I don't have much experience in XSLT transformation so thought may be i can get some help here.

I am receiving this big xml string from through MSMQ in my .NET program. Lets says example as below:

<ROOT>
<PO>
  <PONUM> A101 </PONUM>
  <DESCRIPTION> THis is sample  PO </DESCRIPTION>
  <ADDRESS> Addresss here </ADDRESS>
  <ExtraInfo1> Any Info </ExtraInfo1>
  <ExtraInfo2> Any Info </ExtraInfo2>

<POLINE> 
  <POLINENUM> Line1 </POLINENUM>
  <NAME> Line 1 </NAME>
  <DATE> 2009-01-01 </DATE>
 <ExtraCol1> Col1 </ExtraCol1>
 <ExtraCol2> Col1 </ExtraCol2>
 <ExtraCol3> Col1 </ExtraCol3>
 <ExtraCol4> Col1 </ExtraCol4>
</POLINE>

<POLINE> 
  <POLINENUM> Line2 </POLINENUM>
  <NAME> Line 2 </NAME>
  <DATE> 2011-11-21 </DATE>
 <ExtraCol1> Col1 </ExtraCol1>
 <ExtraCol2> Col1 </ExtraCol2>
 <ExtraCol3> Col1 </ExtraCol3>
 <ExtraCol4> Col1 </ExtraCol4>
</POLINE>

<POLINE> 
  <POLINENUM> Line3 </POLINENUM>
  <NAME> Line 3 </NAME>
  <DATE> 2012-01-07 </DATE>
 <ExtraCol1> Col1 </ExtraCol1>
 <ExtraCol2> Col1 </ExtraCol2>
 <ExtraCol3> Col1 </ExtraCol3>
 <ExtraCol4> Col1 </ExtraCol4>
</POLINE>


</PO>
</ROOT>

Now I need xslt transformation to get some selected fields out of it and the finally get the result in .NET Class object for further processing:

C# Classes as below:

public class PO
{
    public string PONUM { get; set; }
    public string PODESCRIPTION { get; set; }

    public List<POLINES> POLines { get; set; }

}

public class POLINES
{

    public string POLINENUM { get; set; }
    public string LINEDESCRIPTION { get; set; }
}

So finally in the PO class object I need PONUM = "A101" PODESCRIPTION= "THis is sample PO"

And then three POLINES in the public List POLines { get; set; }

Cheers

我没有多少经验,XSLT转换想也许我可以在这里得到一些帮助。

我从我收到这个大通过MSMQ的XML字符串。NET程序。
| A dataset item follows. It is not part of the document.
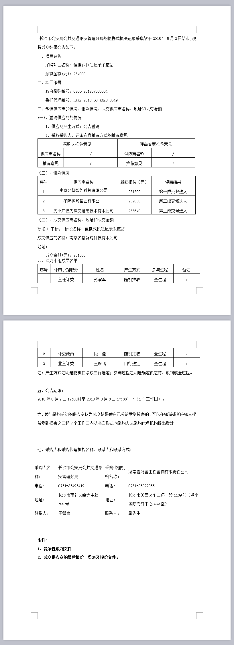长沙市公安局公共交通治安管理分局便携式执法记录采集站结果公告

让我们举例如下:

<ROOT>
<PO>
  <PONUM> A101 </PONUM>
  <DESCRIPTION> THis is sample  PO </DESCRIPTION>
  <ADDRESS> Addresss here </ADDRESS>
  <ExtraInfo1> Any Info </ExtraInfo1>
  <ExtraInfo2> Any Info </ExtraInfo2>

<POLINE> 
  <POLINENUM> Line1 </POLINENUM>
  <NAME> Line 1 </NAME>
  <DATE> 2009-01-01 </DATE>
 <ExtraCol1> Col1 </ExtraCol1>
 <ExtraCol2> Col1 </ExtraCol2>
 <ExtraCol3> Col1 </ExtraCol3>
 <ExtraCol4> Col1 </ExtraCol4>
</POLINE>

<POLINE> 
  <POLINENUM> Line2 </POLINENUM>
  <NAME> Line 2 </NAME>
  <DATE> 2011-11-21 </DATE>
 <ExtraCol1> Col1 </ExtraCol1>
 <ExtraCol2> Col1 </ExtraCol2>
 <ExtraCol3> Col1 </ExtraCol3>
 <ExtraCol4> Col1 </ExtraCol4>
</POLINE>

<POLINE> 
  <POLINENUM> Line3 </POLINENUM>
  <NAME> Line 3 </NAME>
  <DATE> 2012-01-07 </DATE>
 <ExtraCol1> Col1 </ExtraCol1>
 <ExtraCol2> Col1 </ExtraCol2>
 <ExtraCol3> Col1 </ExtraCol3>
 <ExtraCol4> Col1 </ExtraCol4>
</POLINE>


</PO>
</ROOT>

现在我需要XSLT转换得到一些选定的领域了,最后得到的结果进行进一步的处理网类对象:

C #类如下:

public class PO
{
    public string PONUM { get; set; }
    public string PODESCRIPTION { get; set; }

    public List<POLINES> POLines { get; set; }

}

public class POLINES
{

    public string POLINENUM { get; set; }
    public string LINEDESCRIPTION { get; set; }
}

So finally in the PO class object I need PONUM = "A101" PODESCRIPTION= "THis is sample PO"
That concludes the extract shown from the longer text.